- _Provided data_
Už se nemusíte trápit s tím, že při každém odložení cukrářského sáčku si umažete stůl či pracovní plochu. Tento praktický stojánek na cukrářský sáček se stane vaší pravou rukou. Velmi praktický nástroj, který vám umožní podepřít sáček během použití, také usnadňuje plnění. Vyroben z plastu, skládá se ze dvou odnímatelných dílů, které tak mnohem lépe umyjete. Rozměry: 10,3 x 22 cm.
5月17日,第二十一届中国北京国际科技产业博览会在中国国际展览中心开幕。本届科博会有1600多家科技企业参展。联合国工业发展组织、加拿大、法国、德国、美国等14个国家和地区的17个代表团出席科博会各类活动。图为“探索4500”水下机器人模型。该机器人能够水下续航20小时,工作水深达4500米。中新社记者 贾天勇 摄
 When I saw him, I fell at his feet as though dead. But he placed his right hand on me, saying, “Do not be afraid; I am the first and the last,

* * *

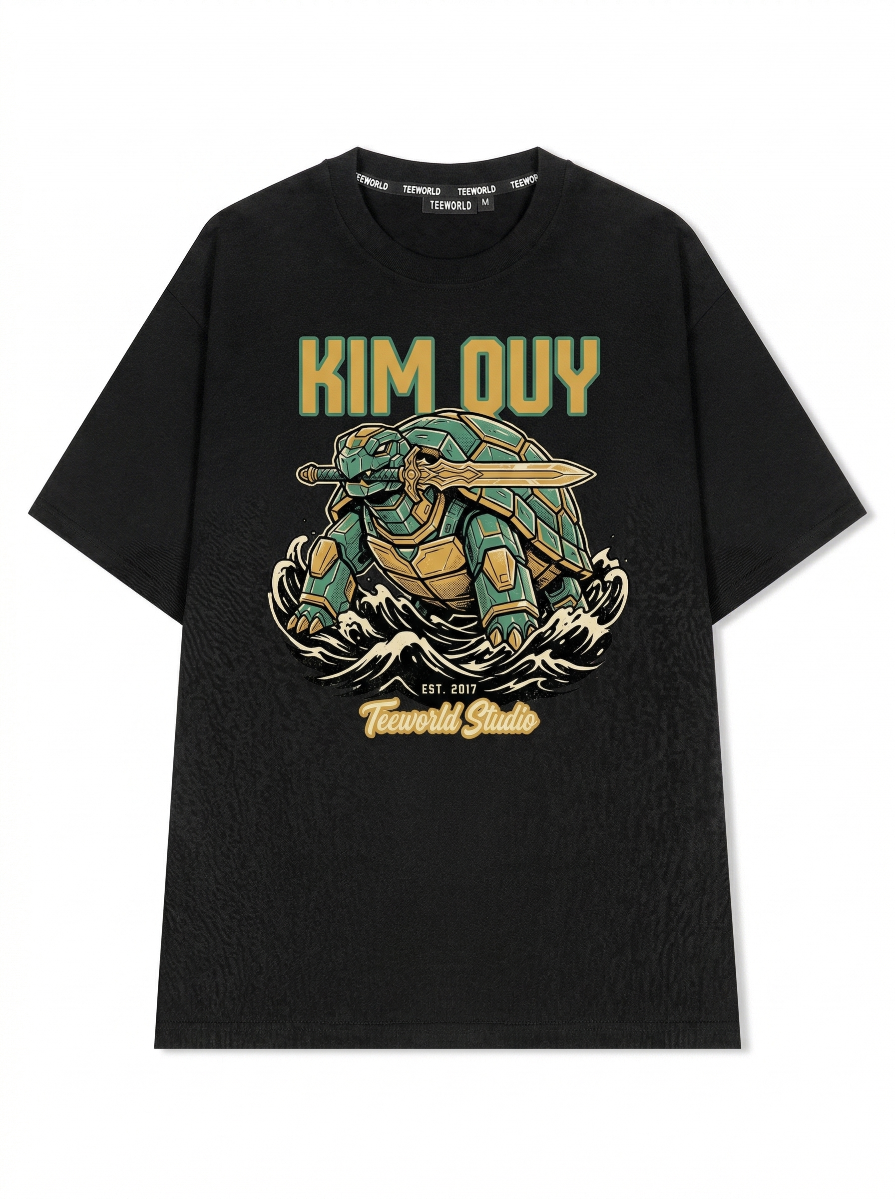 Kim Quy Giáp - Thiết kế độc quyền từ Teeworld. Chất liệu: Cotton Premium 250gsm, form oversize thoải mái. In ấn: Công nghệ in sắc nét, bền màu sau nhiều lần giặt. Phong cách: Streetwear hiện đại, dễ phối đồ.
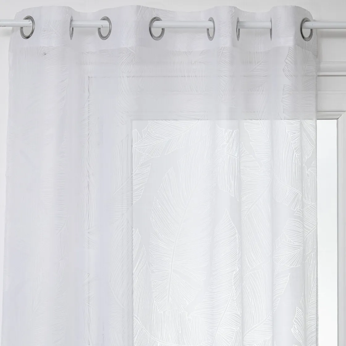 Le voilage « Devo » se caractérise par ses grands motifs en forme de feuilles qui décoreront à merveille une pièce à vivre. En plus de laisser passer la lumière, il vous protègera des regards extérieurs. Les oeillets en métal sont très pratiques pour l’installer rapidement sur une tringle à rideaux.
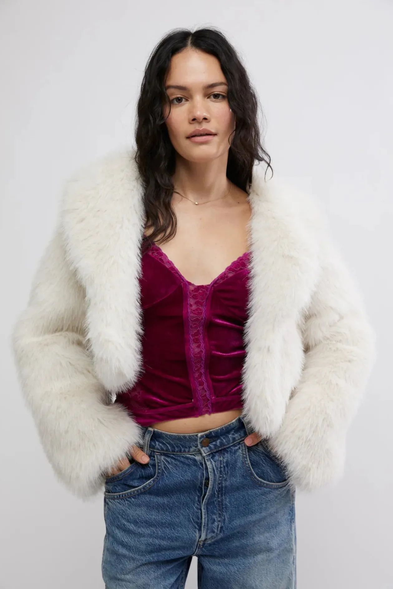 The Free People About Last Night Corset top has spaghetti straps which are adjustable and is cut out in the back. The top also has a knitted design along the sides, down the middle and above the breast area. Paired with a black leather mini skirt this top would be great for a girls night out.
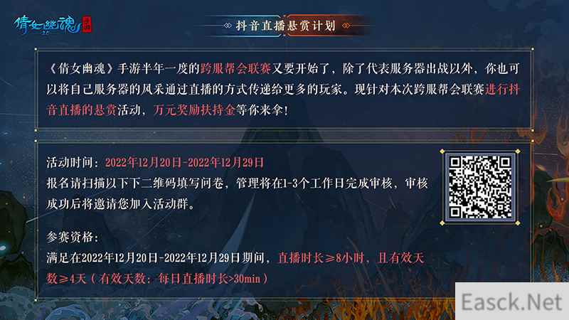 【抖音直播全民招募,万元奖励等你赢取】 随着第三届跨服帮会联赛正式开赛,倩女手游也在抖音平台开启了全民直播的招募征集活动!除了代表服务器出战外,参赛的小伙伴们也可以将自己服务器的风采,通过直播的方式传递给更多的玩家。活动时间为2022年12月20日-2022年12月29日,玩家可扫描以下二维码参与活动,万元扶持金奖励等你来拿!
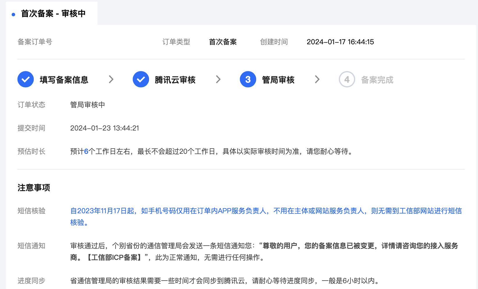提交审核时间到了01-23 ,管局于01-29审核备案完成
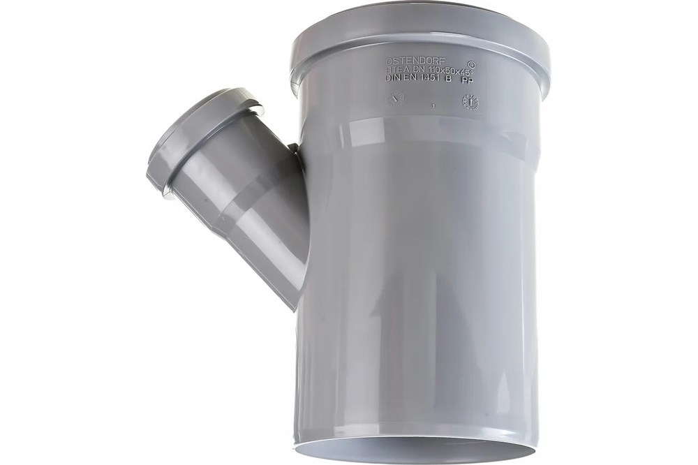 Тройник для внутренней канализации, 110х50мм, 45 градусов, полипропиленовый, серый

* * *

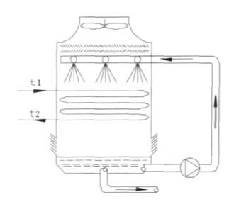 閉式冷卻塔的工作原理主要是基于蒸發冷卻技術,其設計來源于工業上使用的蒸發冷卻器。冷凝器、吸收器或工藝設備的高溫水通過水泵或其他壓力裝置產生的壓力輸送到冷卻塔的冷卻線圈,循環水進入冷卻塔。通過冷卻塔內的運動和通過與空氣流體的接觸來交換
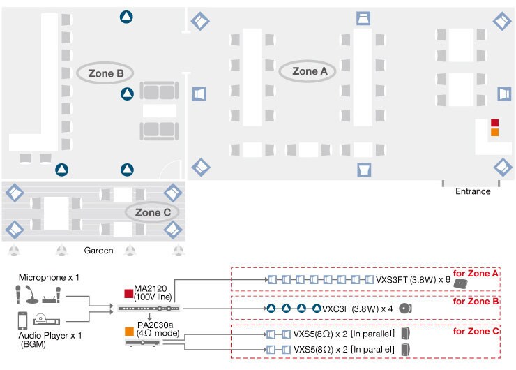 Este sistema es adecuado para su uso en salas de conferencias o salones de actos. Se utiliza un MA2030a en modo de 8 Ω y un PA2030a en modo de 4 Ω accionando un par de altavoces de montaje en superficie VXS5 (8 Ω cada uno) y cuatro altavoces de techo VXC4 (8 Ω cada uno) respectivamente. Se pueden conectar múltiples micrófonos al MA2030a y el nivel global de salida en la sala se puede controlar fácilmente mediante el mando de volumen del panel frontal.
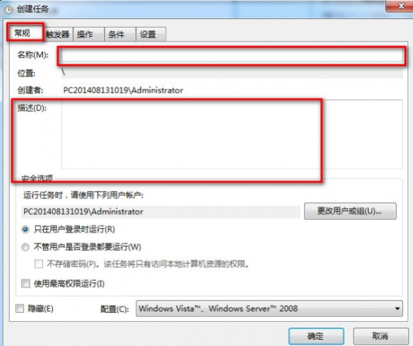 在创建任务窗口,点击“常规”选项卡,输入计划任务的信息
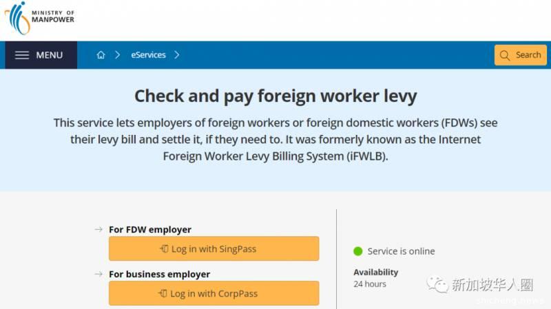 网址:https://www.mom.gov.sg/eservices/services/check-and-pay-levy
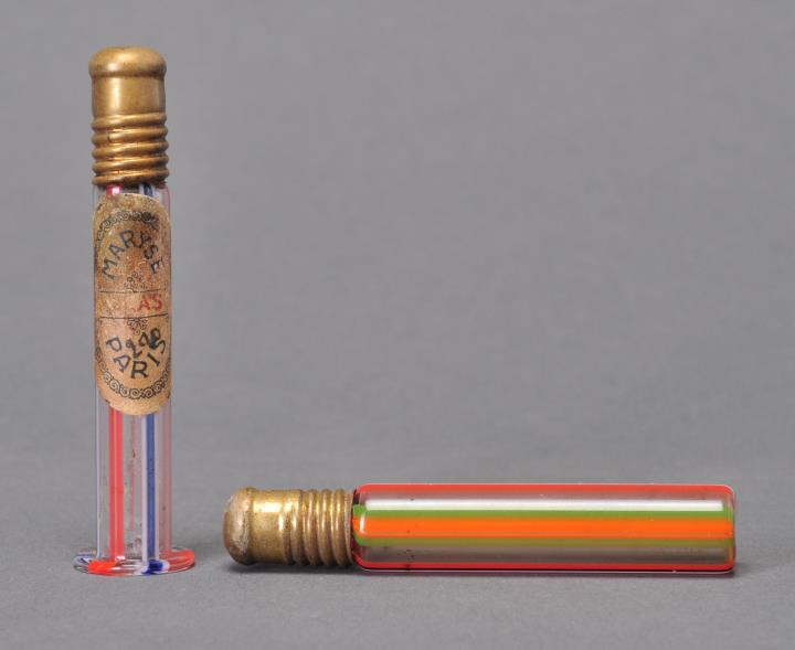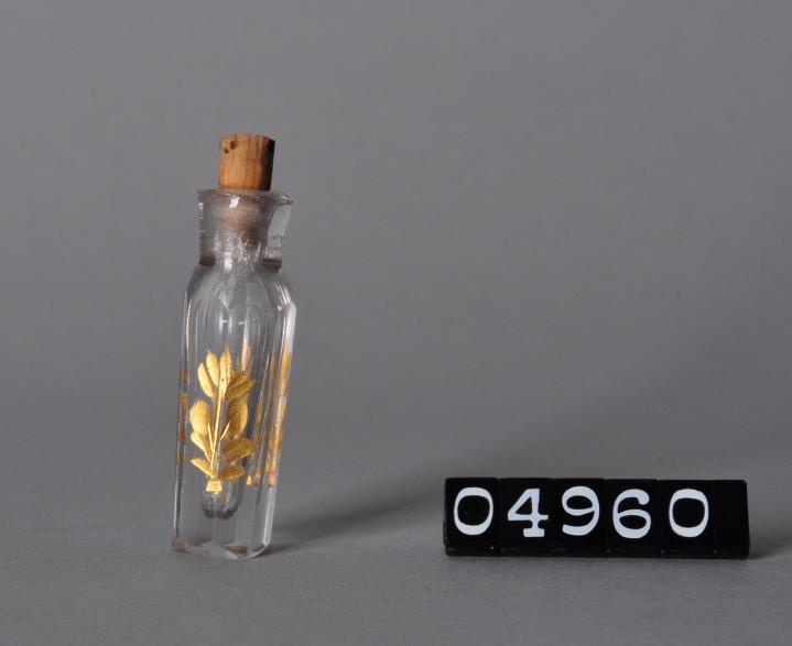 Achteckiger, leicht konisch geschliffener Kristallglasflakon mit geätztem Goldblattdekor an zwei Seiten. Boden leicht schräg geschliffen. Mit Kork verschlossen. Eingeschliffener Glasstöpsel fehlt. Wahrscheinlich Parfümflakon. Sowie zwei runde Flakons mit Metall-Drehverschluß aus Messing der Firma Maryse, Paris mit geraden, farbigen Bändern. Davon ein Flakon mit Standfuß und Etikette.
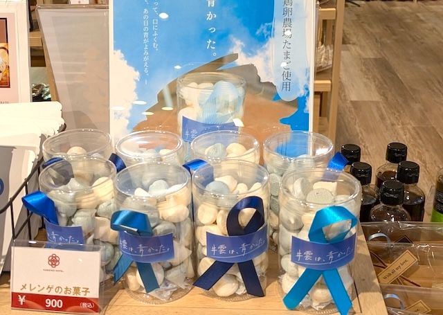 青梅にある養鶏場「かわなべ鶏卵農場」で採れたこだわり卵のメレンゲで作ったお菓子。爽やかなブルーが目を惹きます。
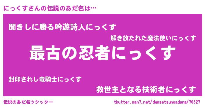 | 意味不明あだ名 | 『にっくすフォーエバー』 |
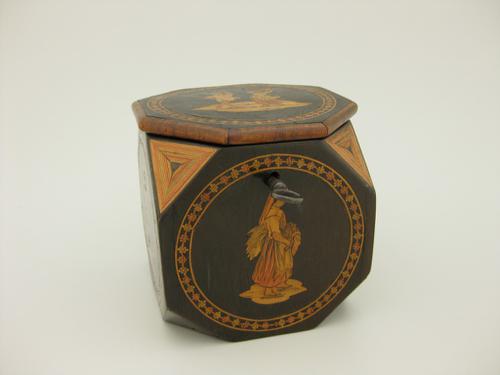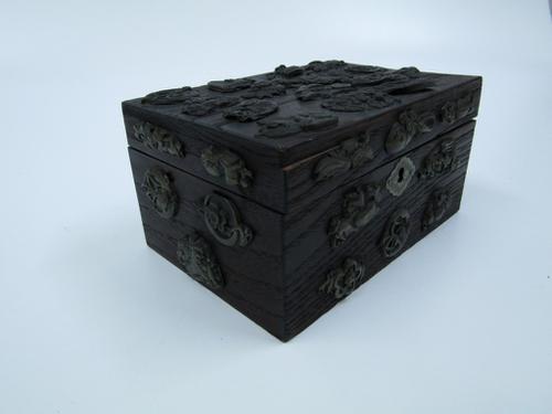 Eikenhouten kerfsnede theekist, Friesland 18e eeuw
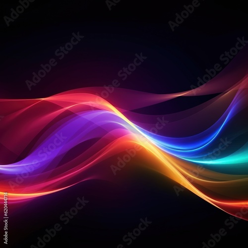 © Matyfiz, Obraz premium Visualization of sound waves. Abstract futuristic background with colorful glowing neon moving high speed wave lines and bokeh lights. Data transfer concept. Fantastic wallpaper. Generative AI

- _What is being asked_
Begin at the line in the entries above that has "Eikenhouten kerfsnede theekist, Friesland", stop after the line that has "wallpaper. Generative AI", and output exactly those lines without pictures.

- _Written response_
 Eikenhouten kerfsnede theekist, Friesland 18e eeuw
 © Matyfiz, Obraz premium Visualization of sound waves. Abstract futuristic background with colorful glowing neon moving high speed wave lines and bokeh lights. Data transfer concept. Fantastic wallpaper. Generative AI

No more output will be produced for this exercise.